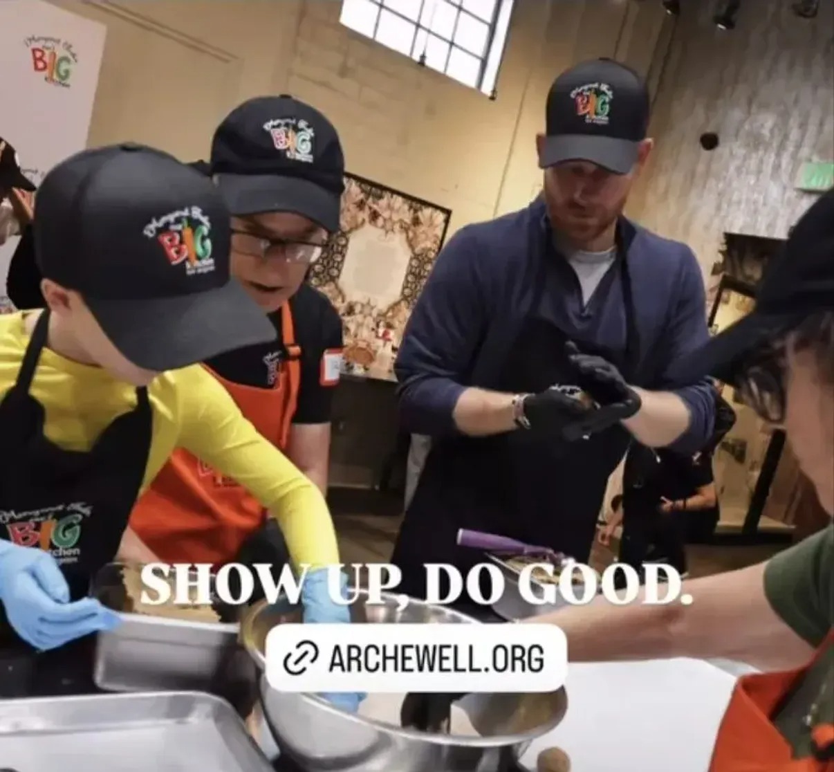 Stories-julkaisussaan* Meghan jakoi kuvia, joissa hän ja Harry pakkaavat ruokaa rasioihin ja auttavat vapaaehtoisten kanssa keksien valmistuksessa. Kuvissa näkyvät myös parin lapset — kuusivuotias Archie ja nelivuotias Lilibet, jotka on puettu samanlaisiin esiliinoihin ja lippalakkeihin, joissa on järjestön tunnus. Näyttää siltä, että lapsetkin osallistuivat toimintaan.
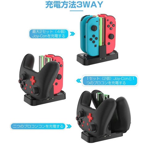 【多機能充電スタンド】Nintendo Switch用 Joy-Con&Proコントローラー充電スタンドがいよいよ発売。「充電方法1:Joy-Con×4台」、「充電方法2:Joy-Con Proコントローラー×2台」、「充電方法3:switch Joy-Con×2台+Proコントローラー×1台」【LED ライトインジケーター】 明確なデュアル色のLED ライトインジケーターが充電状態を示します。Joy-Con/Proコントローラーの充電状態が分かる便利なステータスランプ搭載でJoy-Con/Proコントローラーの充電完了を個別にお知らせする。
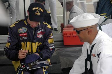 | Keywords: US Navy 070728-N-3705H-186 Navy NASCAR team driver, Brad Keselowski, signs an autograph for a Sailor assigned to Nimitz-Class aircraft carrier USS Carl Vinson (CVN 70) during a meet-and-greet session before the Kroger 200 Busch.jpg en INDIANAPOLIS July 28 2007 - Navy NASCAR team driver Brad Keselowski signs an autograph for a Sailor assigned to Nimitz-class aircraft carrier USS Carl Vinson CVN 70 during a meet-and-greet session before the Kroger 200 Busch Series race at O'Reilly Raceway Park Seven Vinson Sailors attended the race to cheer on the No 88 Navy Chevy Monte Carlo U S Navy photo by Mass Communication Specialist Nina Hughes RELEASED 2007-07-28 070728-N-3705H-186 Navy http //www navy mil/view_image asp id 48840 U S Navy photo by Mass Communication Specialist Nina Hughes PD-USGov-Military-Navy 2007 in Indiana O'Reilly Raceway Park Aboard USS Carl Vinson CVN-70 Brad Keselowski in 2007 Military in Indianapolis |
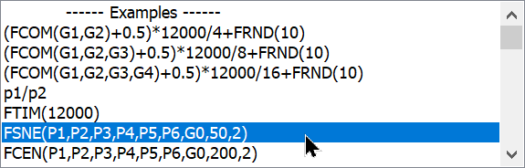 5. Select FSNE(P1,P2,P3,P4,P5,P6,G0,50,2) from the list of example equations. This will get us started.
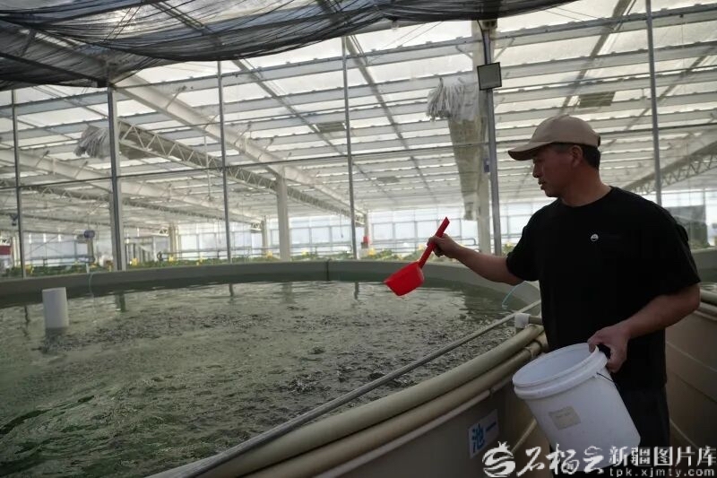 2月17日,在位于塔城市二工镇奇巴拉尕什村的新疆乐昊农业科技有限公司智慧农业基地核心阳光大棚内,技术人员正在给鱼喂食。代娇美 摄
_ _ _ _ _ _ _
Activity: Each line above is to be duplicated exactly, and the pictures are to be omitted.

Worked solution:
 Stories-julkaisussaan* Meghan jakoi kuvia, joissa hän ja Harry pakkaavat ruokaa rasioihin ja auttavat vapaaehtoisten kanssa keksien valmistuksessa. Kuvissa näkyvät myös parin lapset — kuusivuotias Archie ja nelivuotias Lilibet, jotka on puettu samanlaisiin esiliinoihin ja lippalakkeihin, joissa on järjestön tunnus. Näyttää siltä, että lapsetkin osallistuivat toimintaan.
 【多機能充電スタンド】Nintendo Switch用 Joy-Con&Proコントローラー充電スタンドがいよいよ発売。「充電方法1:Joy-Con×4台」、「充電方法2:Joy-Con Proコントローラー×2台」、「充電方法3:switch Joy-Con×2台+Proコントローラー×1台」【LED ライトインジケーター】 明確なデュアル色のLED ライトインジケーターが充電状態を示します。Joy-Con/Proコントローラーの充電状態が分かる便利なステータスランプ搭載でJoy-Con/Proコントローラーの充電完了を個別にお知らせする。
 | Keywords: US Navy 070728-N-3705H-186 Navy NASCAR team driver, Brad Keselowski, signs an autograph for a Sailor assigned to Nimitz-Class aircraft carrier USS Carl Vinson (CVN 70) during a meet-and-greet session before the Kroger 200 Busch.jpg en INDIANAPOLIS July 28 2007 - Navy NASCAR team driver Brad Keselowski signs an autograph for a Sailor assigned to Nimitz-class aircraft carrier USS Carl Vinson CVN 70 during a meet-and-greet session before the Kroger 200 Busch Series race at O'Reilly Raceway Park Seven Vinson Sailors attended the race to cheer on the No 88 Navy Chevy Monte Carlo U S Navy photo by Mass Communication Specialist Nina Hughes RELEASED 2007-07-28 070728-N-3705H-186 Navy http //www navy mil/view_image asp id 48840 U S Navy photo by Mass Communication Specialist Nina Hughes PD-USGov-Military-Navy 2007 in Indiana O'Reilly Raceway Park Aboard USS Carl Vinson CVN-70 Brad Keselowski in 2007 Military in Indianapolis |
 5. Select FSNE(P1,P2,P3,P4,P5,P6,G0,50,2) from the list of example equations. This will get us started.
 2月17日,在位于塔城市二工镇奇巴拉尕什村的新疆乐昊农业科技有限公司智慧农业基地核心阳光大棚内,技术人员正在给鱼喂食。代娇美 摄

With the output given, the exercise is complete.